1-3-15 Dear Lord as we enter into this new year I don’t know how these situations and I fit into your plan, but please walk with and carry me when needed. I am concerned about Chris if something happens to me first. But I believe you will not leave him in any harm. He is special to me and I know he is even more special to you. There are so many things to look forward to in this year, but I want to be in your will and be able to give you the glory through it all. Anything or anyone that are not a part of your plan for me, show me and help me be content with the outcome. I know you are really the one who takes care of all situations in my life, I just need to truly believe it in my heart, mind and spirit. (Proverbs 3:5-6 Trust in the Lord with all thine heart; and lean not unto thine own understanding. In all thy ways acknowledge him, and he shall direct thy paths.)
1-15-15 Today I have my CT scan to determine if the two T.A.C.E have made any progress in shrinking the mass in my liver. (Therefore being justified by faith, we have peace with God through our Lord Jesus Christ: Romans 5:1) No matter what the doctor’s verdict I yet know my Lord is with me. TYL for being with me and keeping my faith strong.

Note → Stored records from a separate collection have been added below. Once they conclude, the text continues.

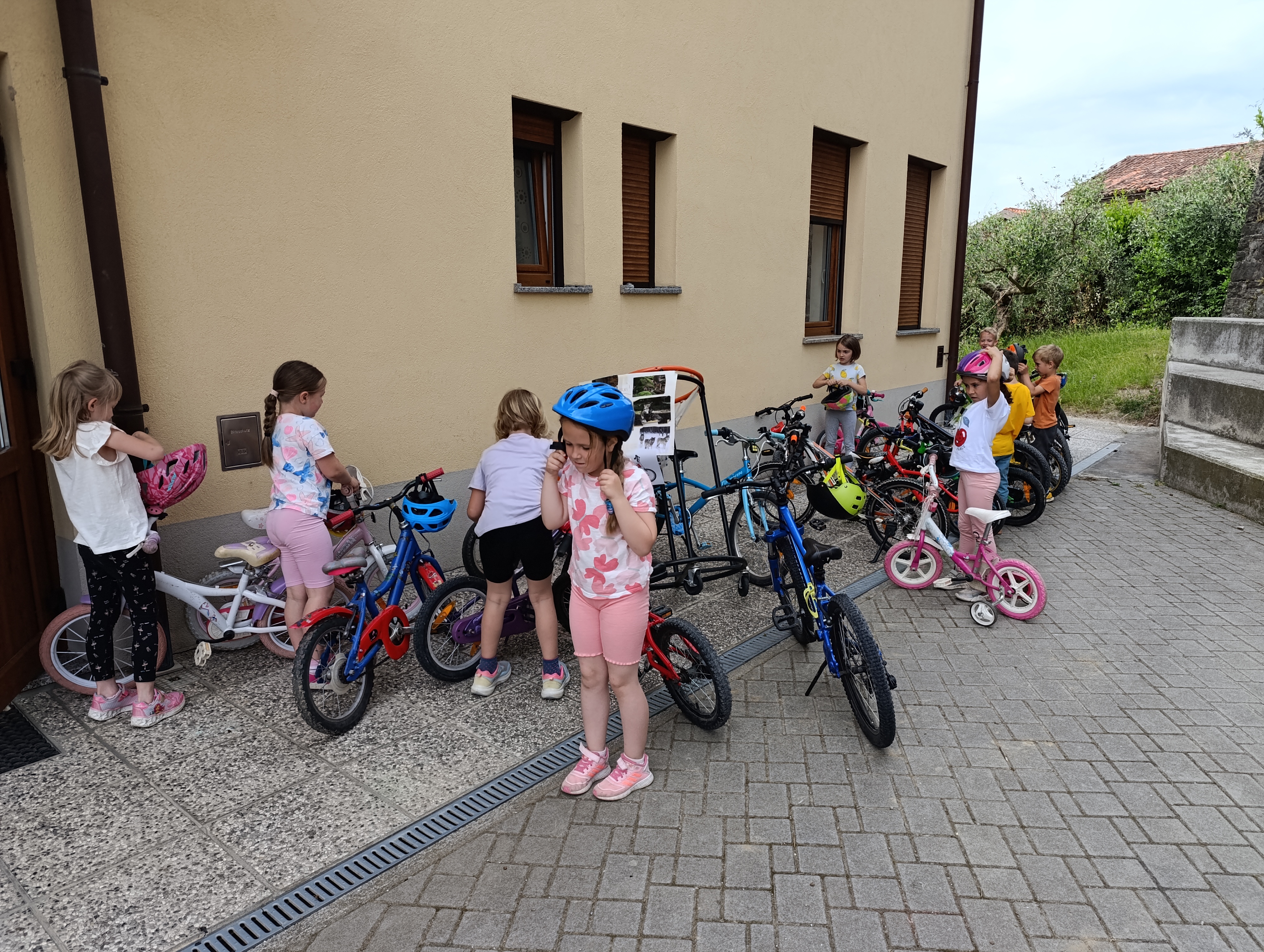 V okviru projekta »Mali sonček« otroci pridobivajo znanja iz različnih gibalnih spretnosti. Vzgojiteljice skozi celo leto pripravljamo specifične gibalne dejavnosti.Tokrat smo se v starejših slupinah lotili kolesarjenja.Otroci so v vrtec pripeljali svoja kolesa in seveda tudi čelade. Najprej smo si pogledali kaj spada pod obvezno opremo kolesa: brezhibna prednja in zadnja zavora, luč spredaj in zadaj, zvonec, odsevniki na pedalih, ustrezno napolnjene pnevmatike ter primerno nastavljena višina krmila in sedeža. Na igrišču sta nas pričakala policista, ki sta za nas pripravila poligon s prometnimi znaki. Najprej smo si prometne znake ogledali in razložili njihov pomen nato pa smo se usedli na kolo. Vijugali smo med stožci, se varno zaustavljali in bili pozorni na druge kolesarje. Za konec smo svoja kolesa še narislai.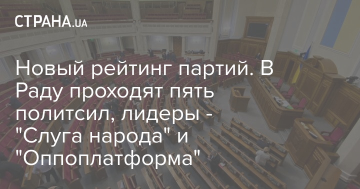 В случае, если бы выборы в Верховную Раду состоялись бы в ближайшее время, проходной барьер могли бы пройти пять партий. Лидируют среди них "Слуга народа" и "Оппзиционная платформа - За жизнь".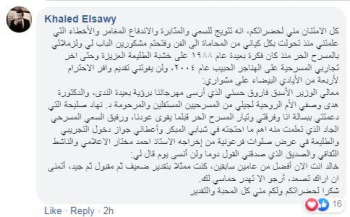 وأضاف الصاوي: لن يفوتني تقديم وافر الاحترام لأربعة من الأيادي البيضاء على مشواري: وزير الثقافة الأسبق فاروق حسني الذي أرسى مهرجانا برؤية بعيدة المدى، والدكتورة هدى وصفي الأم الروحية لجيلي من المسرحيين المستقلين والراحلة د. نهاد صليحة التي دعمتني ببسالة وفرقتي وتيار المسرح الحر قبل أن يقوى عودنا، ورفيق السعي المسرحي الجاد الذي تعلمت منه في شبابي المبكر وأعطاني جواز دخول التجريبي والطليعة في عرض "صلوات فرعونية" أحمد مختار الإعلامي والناشط الثقافي والصديق الذي صدقني القول دوما ولن أنسى يوم قال لي: "خالد أنت الآن أفضل من عامين سابقين، كنت ممثلا بتقدير ضعيف ثم مقبول ثم جيد، أتمنى أن أراك تصعد، أرجو إلا تهدر حماسي لك".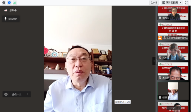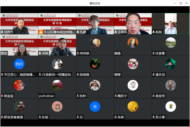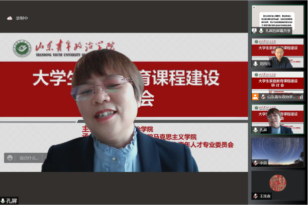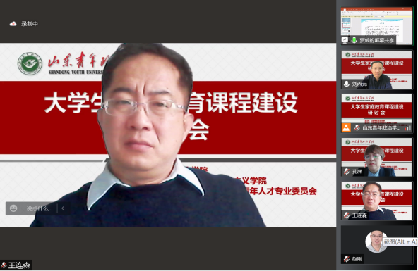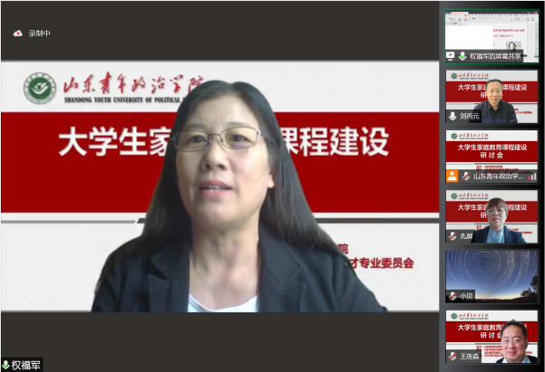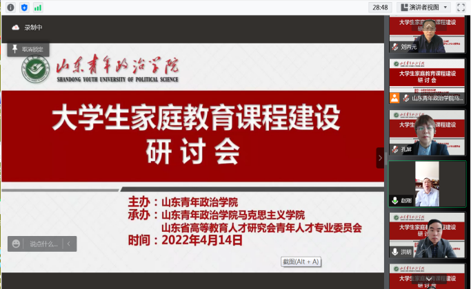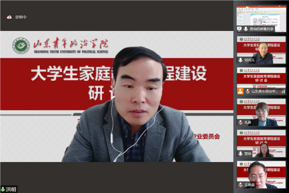 为了进一步学习贯彻习近平总书记关于注重家庭家教家风建设的重要论述,研究推动家庭教育研究成果如何进大学课堂,进课程体系,丰富和优化大思政课建设内容,更好地服务立德树人根本任务,更有效地促进大学生健康成长,4月14日,由山东青年政治学院主办的大学生家庭教育课程建设研讨会在云端举行,来自全国范围兄弟院校的专家学者及我校部分教师90余人参加了研讨会。研讨会由山东青年政治学院马克思主义学院和山东省高等教育人才研究会青年人才专委会具体承办。东北师范大学赵刚教授、中国青少年研究中心洪明研究员、聊城大学王连森教授、山东师范大学孔屏教授、山东青年政治学院权福军教授等六位专家应邀作主旨发言。我校党委副书记高峰全程参加了会议。研讨会由马克思主义学院院长刘丙元教授主持。

The doctor let me know that the T.A.C.E had not been as aggressive as he had hoped. They were not going to put me through another one of those procedures at this time. I was to come back next week to make sure all the wounds were healing and I was feeling better. As I said before those procedures left me weak, nauseated, unable to eat, I lost about 20 pounds during those 2 months. It was hard going to work, but with the Lord’s help I did. Even though I had been dieting by decreasing the amount of food I ate, people noticed the quick weight loss.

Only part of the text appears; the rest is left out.